The jdk1.6.0_20 install please.

Can you also remove the "c:\program files" java location from the PATH environment variable and replace it with the "c:\java" one.  

thanks, this is very helpful
Comment 10 Eclipse Webmaster CLA 2010-10-22 13:25:30 EDT
Done.

-M.
Comment 11 Kim Moir CLA 2010-10-22 15:04:25 EDT
Thanks for the changes!

The network problems wrt to dev.eclipse.org have appeared again. The build just hangs...

https://hudson.eclipse.org/hudson/job/eclipse-JUnit/97/console
Comment 12 Kim Moir CLA 2010-10-25 11:21:20 EDT
The windows slave seems to be offline again, could you please bring it back online.
Comment 13 Eclipse Webmaster CLA 2010-10-25 11:25:16 EDT
I've restarted the slave.  Not sure what's the source of the network issues though.

-M.
Comment 14 Kim Moir CLA 2010-10-26 15:19:32 EDT
I've successfully run our JUnit tests on the windows slave.
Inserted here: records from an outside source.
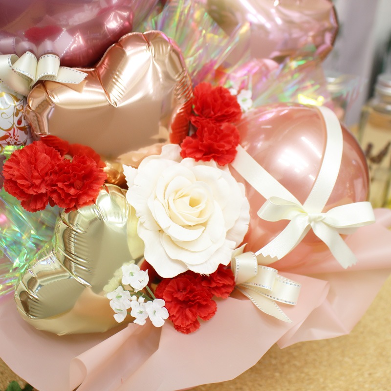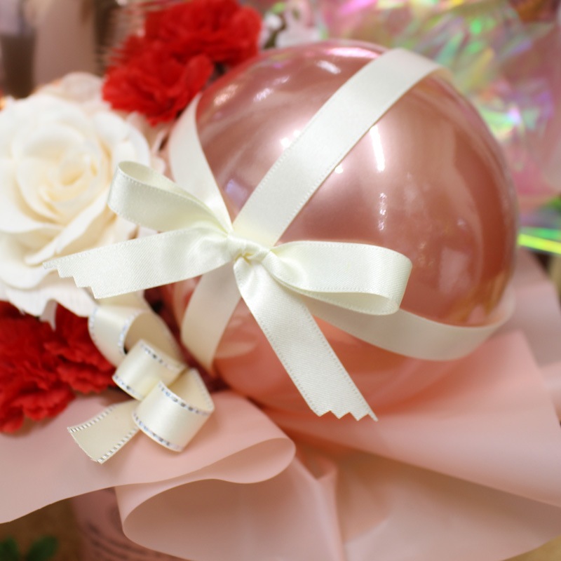 時間の経過とともに少しずつ空気が抜けてきますが、ラッピングしたまま直射日光を避けて飾っていただけますと1ヶ月~数ヶ月もちますよ!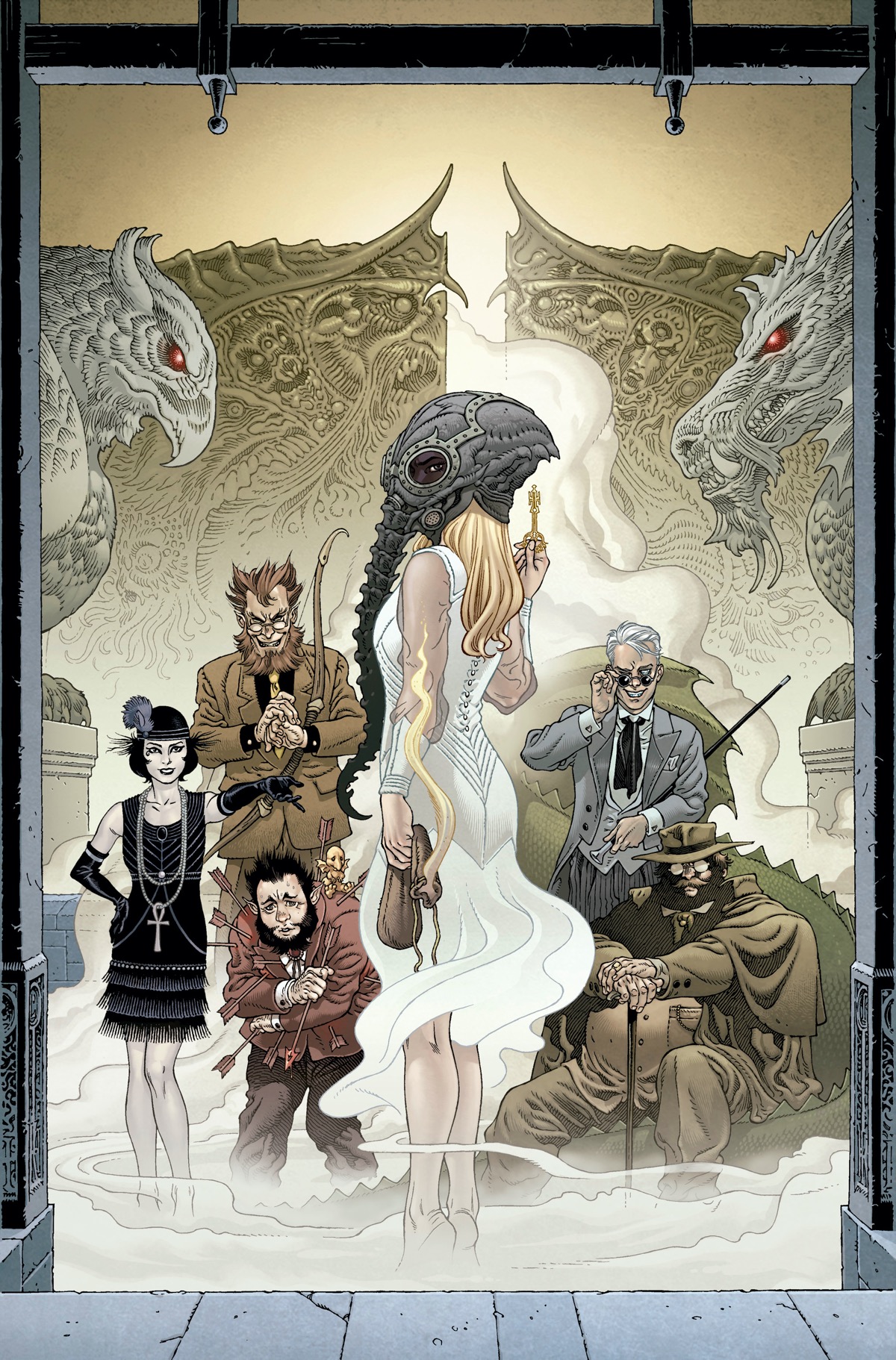 “If you think you can unlock the gates of Hell and just invite yourself in, you must be Dreaming! The epic crossover between two of the most beloved fantasy universes in comics begins here. John “Jack” Locke is ten years dead, but that hasn’t stopped him from posting the occasional letter home… from Hell. Now, Mary Locke will do anything to save her brother’s soul. Her quest to rescue him from The Pit will require her to outsmart Roderick Burgess (the most evil man in England), puzzle her way through the House of Mystery, and risk the walking nightmare known as The Corinthian in the disintegrating Kingdom of Dreams!”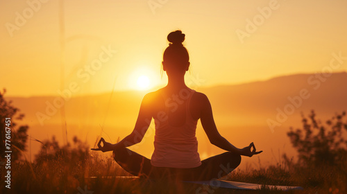 Woman practicing yoga, sitting in lotus position. Serenity, meditation, Zen. Yoga in nature. Yoga practice at sunset.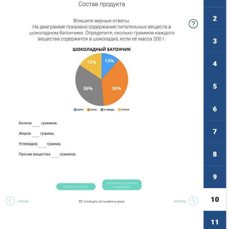 2. 200 * 13/100 = 26 гр. – белка;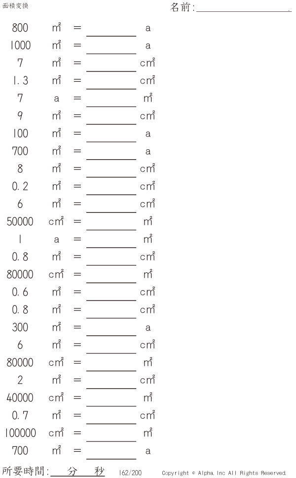 上記のボタンから「面積変換」の算数数学ドリル・計算ドリル(PDFプリント)がダウンロードできます。個人利用は無料です(家庭以外での配布は有料です)。

Thanks for your help!  One question:  How much CPU and memory does the Windows 7 virtual instance have?  If I run jobs on both Windows hudson instances, I assume we still have the same amount of resources and this won't make things faster.  Is that correct? (The tests take about as long to complete as they do on our test box here so I'd like to make them faster).
Comment 15 Eclipse Webmaster CLA 2010-10-26 15:31:09 EDT
Right now it has 2 cpus and 2G of ram.  More ram I can provide, but I don't have any cpus to spare.

-M.
Comment 16 Kim Moir CLA 2010-10-26 15:53:32 EDT
Today at IBM we have two Windows JUnit machines.  Each have 3GB of RAM.  So if the eclipse.org Windows 7 install could have >= 6GB of RAM, we could see how much faster the tests run.  I assume this requires bringing down the Hudson install so if you do this could you wait until my current job has finished since I'd like to check the test results.  They have been running for four hours already :-)
Comment 17 Eclipse Webmaster CLA 2010-10-27 09:52:12 EDT
I've upped the ram to 8G and restarted things.

-M.
Comment 18 Kim Moir CLA 2010-10-28 16:58:00 EDT
Seems to be having a network issue again

https://hudson.eclipse.org/hudson/view/Eclipse%20and%20Equinox/job/eclipse-JUnit/116/console
Comment 19 Kim Moir CLA 2010-11-05 11:09:02 EDT
Windows slave seems to be having a network issue again - could you restart it?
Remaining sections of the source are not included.